Bank customers captured by convenience

If you were a bit -- or extremely -- peeved at some point over the past few months when you found out your bank was tacking on another fee to your checking account, debit card, or whatever, chances are you became even more ticked when you found out how difficult it would be to take your business elsewhere.

The reality is most people won’t leave their big bank; it’s just too convenient to stay. Data from Javelin Strategy & Research shows that consumers avoid switching banks because it’s a pain to actually walk into the bank to complete all of the paperwork, switch their direct-deposit, and maybe give up some or all of the online banking conveniences they’re used to. Internet bill pay is a big one. In fact, 44 million households paid a bill online in the past 30 days, up from 32 million five years ago, according to data from Javelin. And that figure is estimated to reach 55 million by 2016.

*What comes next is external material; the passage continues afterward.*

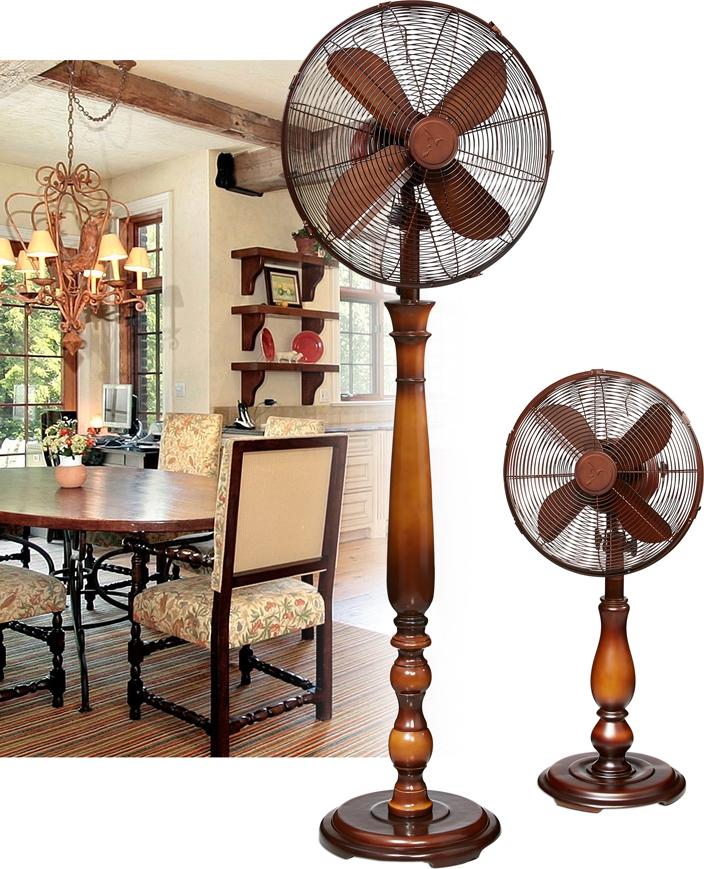 | 12" Table Top Fan 29"H x 12"W 3 Speed, Oscillating, 30 Watt Motor Fan base is made of solid resin. Fan shades are metal with a wood coating. Fan does not tilt or telescope. |
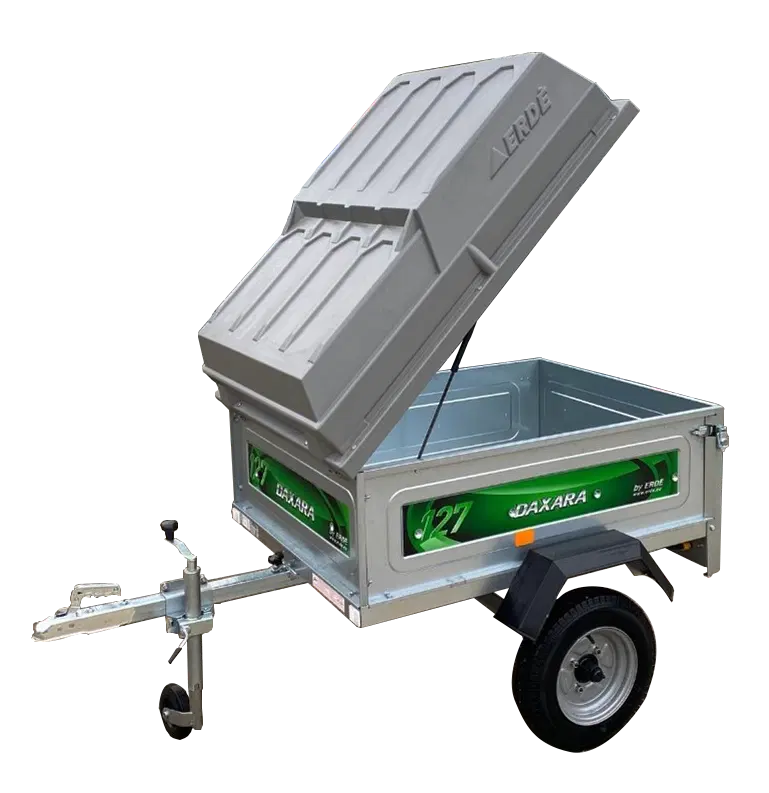 Daxara 127, a versatile unbraked 4' x 3' single axle trailer perfect for camping and utility use. This small covered trailer boasts galvanised pressed steel sides, a sturdy galvanised steel chassis, steel mudguards, and a 50mm pressed steel hitch with a secondary coupling chain for added security. With a gross weight of 400kgs and a carrying capacity of up to 335kgs, it's an excellent choice for transporting all your camping gear on your next family staycation. The Daxara 127 comes standard with inset rear light clusters, hooks to accommodate an enclosed trailer cover, and a convenient drop-down rear tailgate. Its tipping body feature makes unloading a breeze, and it's designed for space-saving vertical storage.

So you could say the banks have a lot of us right where they want us. What started out as a convenience for customers has now become a way to rope them in. Banks made it easy for you to do everything online, and now that convenience has made canceling your account an extremely irritating process.

What banks have essentially done is put a price tag on convenience. For Bank of America customers who don’t have a B of A mortgage or an account balance of $20,000 or more, the choice now is either pay the $60 annual debit card fee or go through the process of switching everything associated with your online banking account to another institution, which also may impose fees. Wells Fargo, Chase and Citibank, among others, also have added new fees for certain accounts.

Despite all this, Javelin found that fewer and fewer customers are switching banks -- an estimated 7% will move their primary account to a different institution in 2011, down from 12% last year.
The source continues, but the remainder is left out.